Material to process START

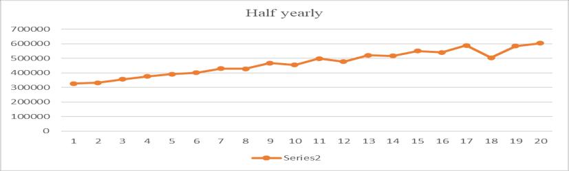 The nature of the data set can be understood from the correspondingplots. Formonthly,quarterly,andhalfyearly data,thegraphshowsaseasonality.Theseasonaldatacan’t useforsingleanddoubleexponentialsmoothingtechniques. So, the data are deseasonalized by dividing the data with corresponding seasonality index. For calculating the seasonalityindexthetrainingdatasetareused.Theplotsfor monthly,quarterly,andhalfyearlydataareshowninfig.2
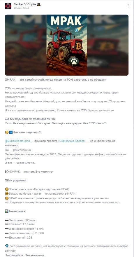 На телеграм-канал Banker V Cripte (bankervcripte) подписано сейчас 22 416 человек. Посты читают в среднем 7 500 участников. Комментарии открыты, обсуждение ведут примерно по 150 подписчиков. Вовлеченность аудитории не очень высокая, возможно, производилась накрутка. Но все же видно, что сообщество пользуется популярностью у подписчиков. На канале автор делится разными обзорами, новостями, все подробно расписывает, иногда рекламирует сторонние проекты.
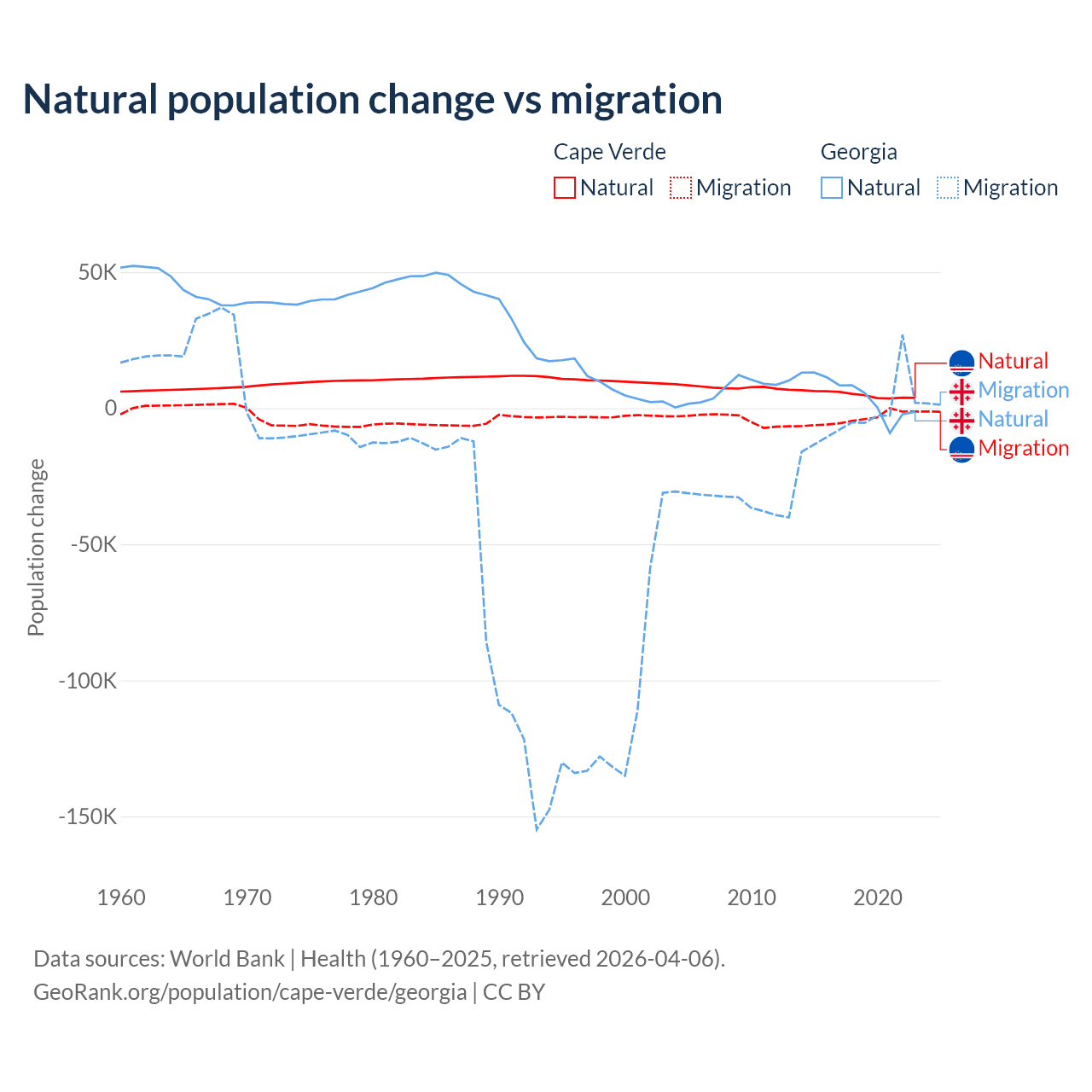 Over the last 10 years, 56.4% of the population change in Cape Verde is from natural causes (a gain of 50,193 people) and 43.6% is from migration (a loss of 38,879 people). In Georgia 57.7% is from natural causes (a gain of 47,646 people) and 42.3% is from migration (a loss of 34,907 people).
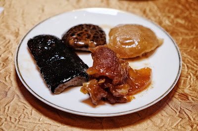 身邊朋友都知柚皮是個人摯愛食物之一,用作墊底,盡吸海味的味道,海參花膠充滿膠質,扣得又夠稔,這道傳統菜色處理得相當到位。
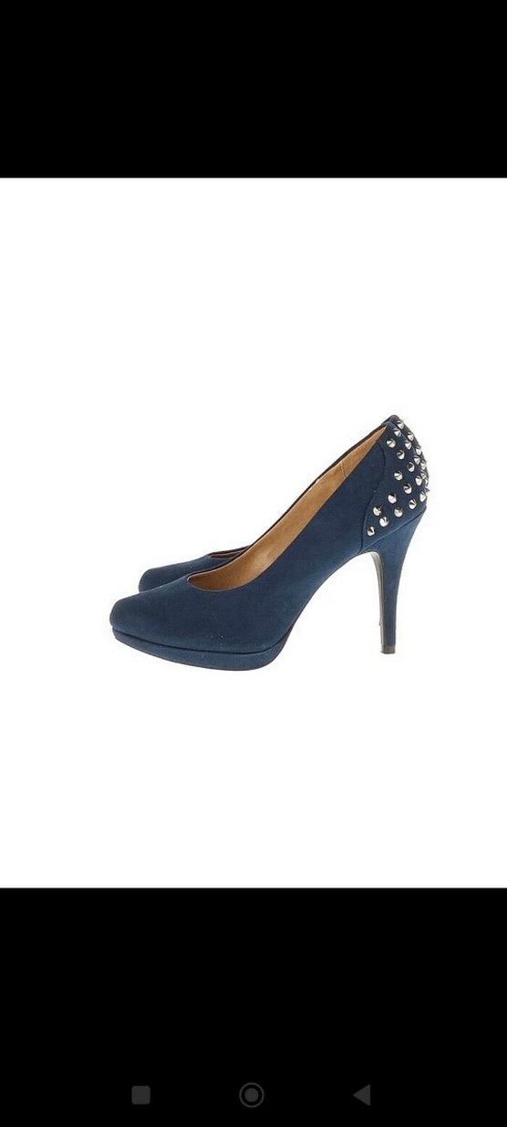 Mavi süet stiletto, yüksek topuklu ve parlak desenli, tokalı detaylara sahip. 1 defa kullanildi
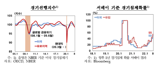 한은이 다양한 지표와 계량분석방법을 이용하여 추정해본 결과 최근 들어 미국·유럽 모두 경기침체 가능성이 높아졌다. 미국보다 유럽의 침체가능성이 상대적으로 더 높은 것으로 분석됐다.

Material to process END

__Directions__
The records above need to be restated word for word, with the pictures left out.

__Solution__
 The nature of the data set can be understood from the correspondingplots. Formonthly,quarterly,andhalfyearly data,thegraphshowsaseasonality.Theseasonaldatacan’t useforsingleanddoubleexponentialsmoothingtechniques. So, the data are deseasonalized by dividing the data with corresponding seasonality index. For calculating the seasonalityindexthetrainingdatasetareused.Theplotsfor monthly,quarterly,andhalfyearlydataareshowninfig.2
 На телеграм-канал Banker V Cripte (bankervcripte) подписано сейчас 22 416 человек. Посты читают в среднем 7 500 участников. Комментарии открыты, обсуждение ведут примерно по 150 подписчиков. Вовлеченность аудитории не очень высокая, возможно, производилась накрутка. Но все же видно, что сообщество пользуется популярностью у подписчиков. На канале автор делится разными обзорами, новостями, все подробно расписывает, иногда рекламирует сторонние проекты.
 Over the last 10 years, 56.4% of the population change in Cape Verde is from natural causes (a gain of 50,193 people) and 43.6% is from migration (a loss of 38,879 people). In Georgia 57.7% is from natural causes (a gain of 47,646 people) and 42.3% is from migration (a loss of 34,907 people).
 身邊朋友都知柚皮是個人摯愛食物之一,用作墊底,盡吸海味的味道,海參花膠充滿膠質,扣得又夠稔,這道傳統菜色處理得相當到位。
 Mavi süet stiletto, yüksek topuklu ve parlak desenli, tokalı detaylara sahip. 1 defa kullanildi
 한은이 다양한 지표와 계량분석방법을 이용하여 추정해본 결과 최근 들어 미국·유럽 모두 경기침체 가능성이 높아졌다. 미국보다 유럽의 침체가능성이 상대적으로 더 높은 것으로 분석됐다.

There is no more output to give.